Live Demo · Query Denoising
A denoising model that doesn't just correct spelling — it recovers the user's true search intent before the engine ever sees the query.
Standard spell-checkers operate at the character level. They look at a word, find the closest dictionary entry, and swap it in. That works fine for simple typos like teh → the. But it fails completely when the misspelling produces a real, valid word in a totally different domain.
"moth ball" (two words, a cricket/snooker term) versus "mothball" (one word, a pest-control product) are both perfectly valid English — but they send a search engine into entirely different domains. A character-level correction model has no way to detect this. The query looks clean. The intent is broken.
This is the problem this project targets: semantic drift caused by spacing and compounding errors. Not character noise — meaning noise.

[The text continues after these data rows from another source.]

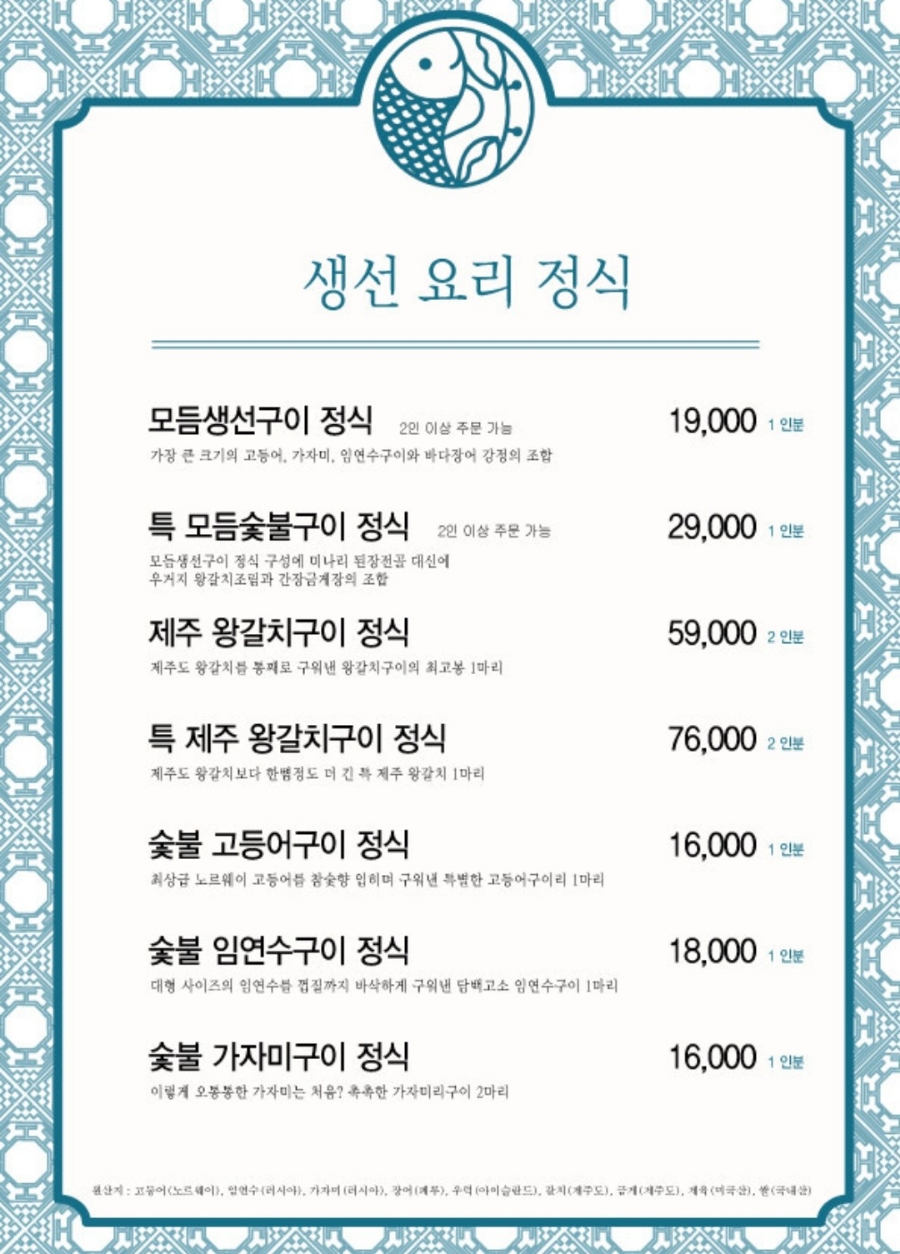 모듬생선구이 정식을 시작으로 제주왕갈치,
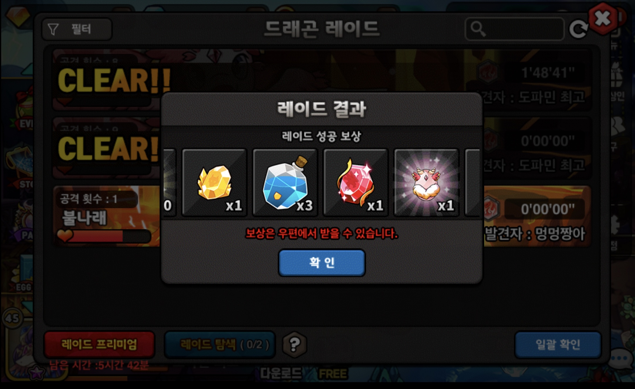 본계+부계로 레이드 캐고 있었는데 계정마다 하나씩 나옴ㄷㄷ
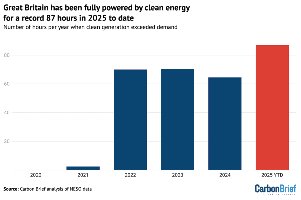 Den längsta sammanhängande perioden var i maj 2025 då landet drevs fossilfritt i 15 timmar.
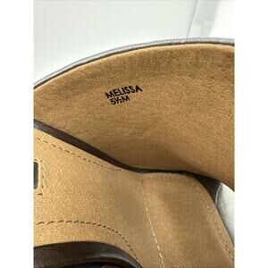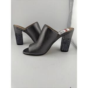 Tahari Melissa Women's Sz 5.5 M Leather Mule Sandals Glitter Heel Gray NWOB
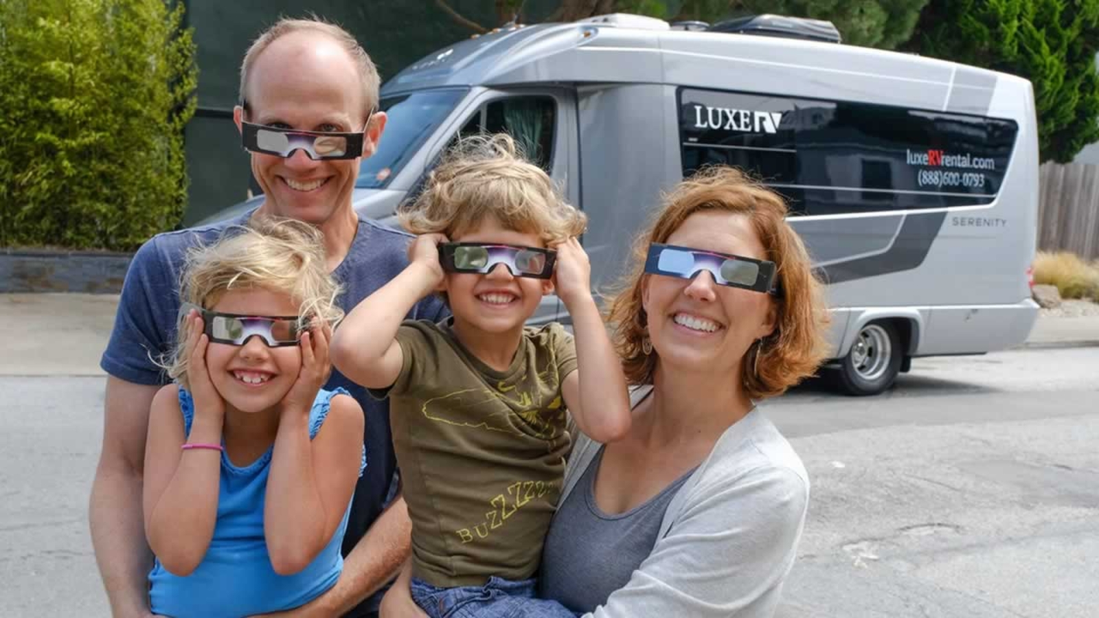 Moments later, the family put on their eclipse glasses and posed for a commemorative photograph. Then, they left in an RV with the name Serenity.
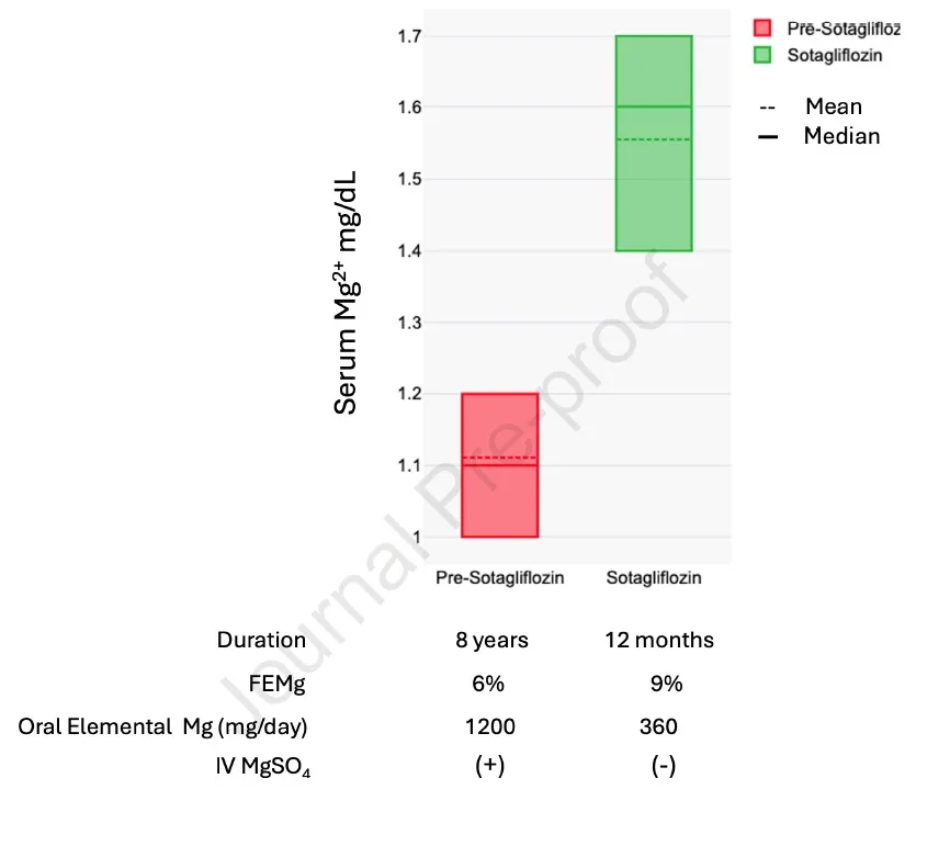 * O uso do sotagliflozina foi associado a aumento dos níveis séricos de magnésio de 1,11 ± 0,09 mg/dL para 1,55 ± 0,13 mg/dL (p < 0,0001), com normalização clínica e laboratorial.
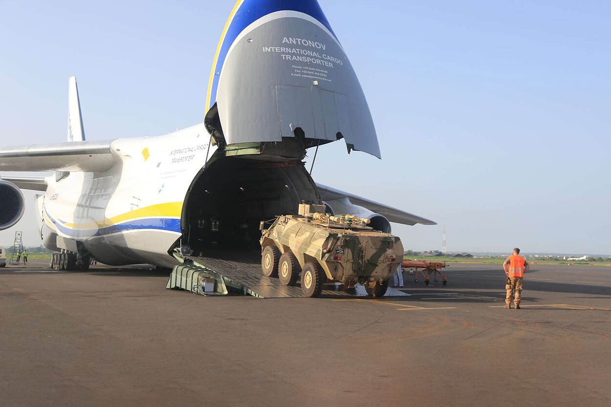 Het vliegveld van Bamako in Mali was voor tal van Nederlandse militairen het beginpunt (en einde) van hun uitzending in het Centraal-Afrikaanse land. Hoewel bijna al onze landgenoten weer thuis zijn gaat de missie gewoon door. Om materiaal op te halen huurde de Bundeswehr een reusachtige Antonov 124-100 in. Foto: Sebastian Nothing Bundeswehr.de.
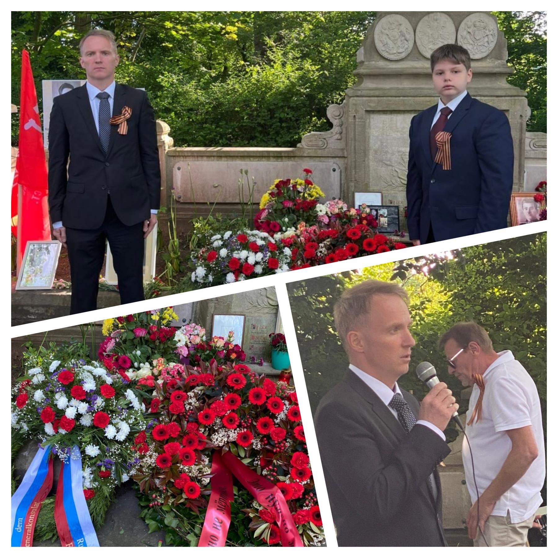 На военном мемориальном кладбище Мюнстера состоялась торжественная церемония возложения венков к мемориалу советских военнопленных, погибших на принудительных работах в близлежащих трудовых лагерях. Здесь также захоронены российские воины, павшие на фронтах Первой мировой войны. С благодарственным словом перед собравшимися выступил консул М.Ктиторов, поздравивший всех с великим и священным праздником Победы!  Среди около 200 присутствующих были представители объединений русскоязычных соотечественников, движения антифашистов Германии. В завершение мероприятия настоятель храма Иконы Казанской Божьей Матери отслужил панихиду по всем невинно убиенным.
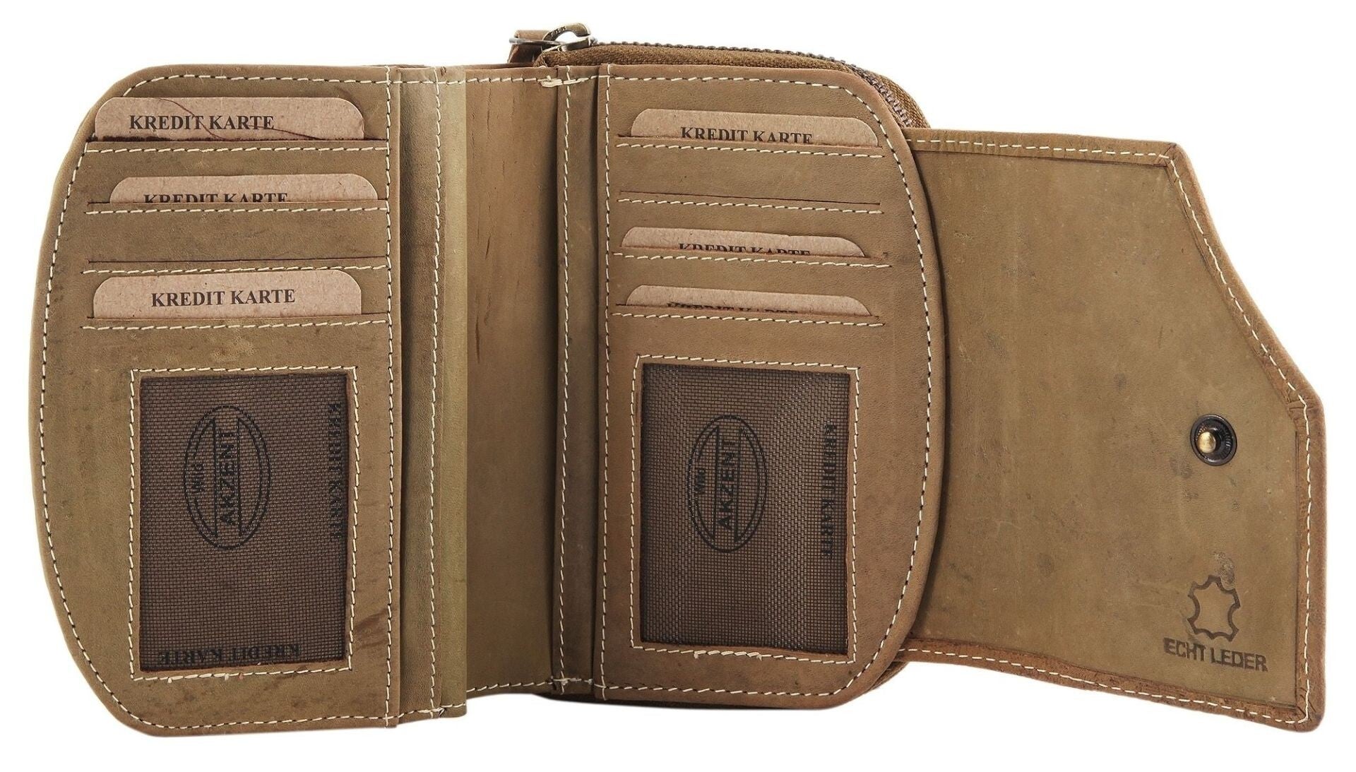 Im Inneren bietet die Geldbörse reichlich Stauraum: Mit 10 Kreditkartenfächern, 6 Einsteckfächern, 1 Ausweisfach, einem Münzfach mit Reißverschluss und einem zusätzlichen Reißverschlussfach im Inneren ist sie bestens organisiert. Der sichere Druckknopfverschluss rundet die durchdachte Ausstattung ab.
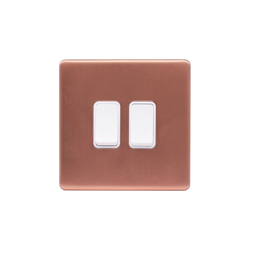 Lieber Brushed Copper 10A 2 Gang 2 Way Switch - White Insert Screwless - Size: 86mm x 86mm x 2 mm
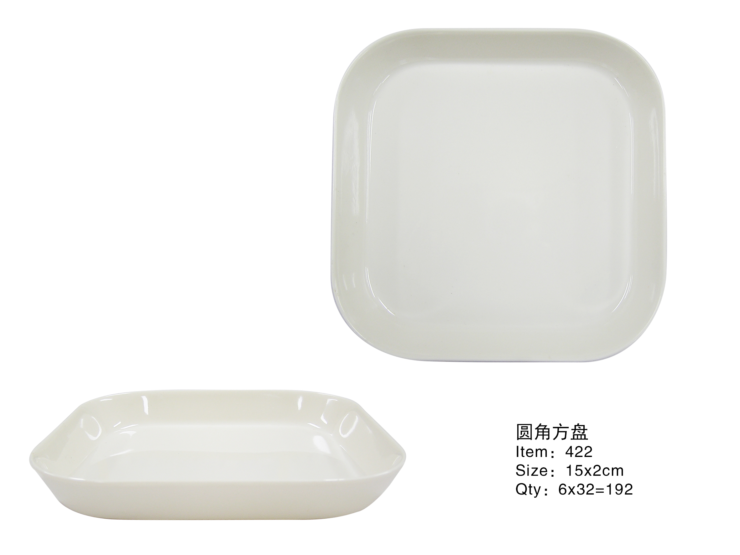Melamine Rounded Corner Square Plate - Item 422

A sequence model (fine-tuned BERT) flags tokens likely to be noisy — either misspelled, wrongly spaced, or phonetically drifted. Unlike rule-based systems, it uses surrounding context to decide whether a word is suspicious.
A seq2seq denoiser (T5-small) rewrites the flagged query. Crucially, it is trained on pairs where the semantic domain shifts — not just surface-level character edits. It learns to recover compound words and domain-correct alternatives.
A lightweight intent classifier confirms the corrected query lands in the right domain before it reaches the ranking model. If intent is uncertain, both queries are run in parallel and results are merged.
Measured on a synthetic dataset of meaning-changing errors plus a hand-labelled sample of real search logs. Metrics: domain accuracy, BLEU, and ranking NDCG delta.